[Python-Dev] Re: Re: lists v. tuples

Guido van Rossum guido@python.org
Sun, 16 Mar 2003 08:06:02 -0500


> > Guido> Yes.  And I'm still hoping to remove __cmp__; there should be
> > Guido> only one way to overload comparisons.

[Andrew]
> > Moreover, for some data structures, the __cmp__ approach can be
> > expensive.  For example, if you're comparing sequences of any kind,
> > and you know that the comparison is for == or !=, you have your answer
> > immediately if the sequences differ in length.  If you don't know
> > what's being tested, as you wouldn't inside __cmp__, you may spend a
> > lot more time to obtain a result that will be thrown away.

[Guido]
> Yes.  OTOH, as long as cmp() is in the language, these same situations
> are more efficiently done by a __cmp__ implementation than by calling
> __lt__ and then __eq__ or similar (it's hard to decide which order is
> best).  So cmp() should be removed at the same time as __cmp__.

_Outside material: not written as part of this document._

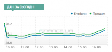 Нацбанк сегодня на торгах не появлялся, хотя в самом начале сессии, когда предложение превышало спрос — часть продавцов очень бы хотели, чтобы он вышел. Но регулятор взял паузу и котировки всю активную фазу торгов прошли в пределах достаточно узкого коридора 28,07−28,10/28,11−28,12 гривен за доллар.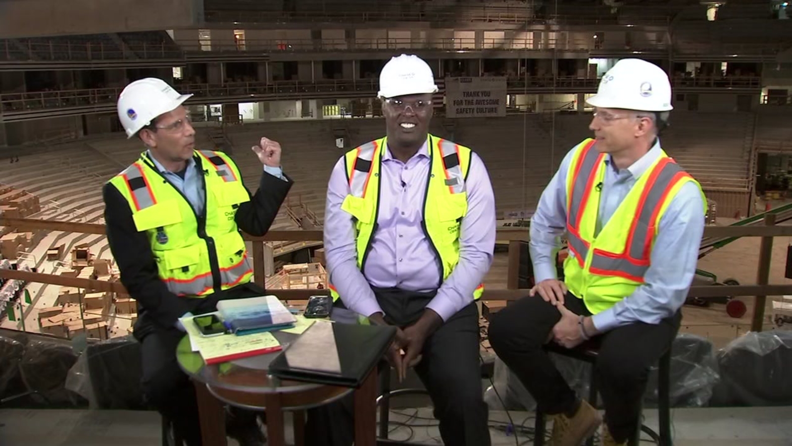 ABC7 Sports had to set up their studio in an active construction zone to do it, but all agree it was a historical moment worth the effort.

I realized the first sentence wasn't very clear.  I meant that
implementing cmp() is inefficient without __cmp__ for some types
(especially container types).  Example:

 cmp(range(1000)+[1], range(1000)+[0])

If the list type implements __cmp__, each of the pairs of items is
compared once.  OTOH, if the list type only implemented __lt__, __eq__
and __gt__, cmp() presumably would have to try one of those first, and
then another one.  If it picked __lt__ followed by __eq__, it would
get two False results in a row, meaning it could return 1 (cmp()
doesn't really expect incomparable results :-), but at the cost of
comparing each pair of items twice.  If cmp() picked another set of
two operators to try, I'd simply adjust the example.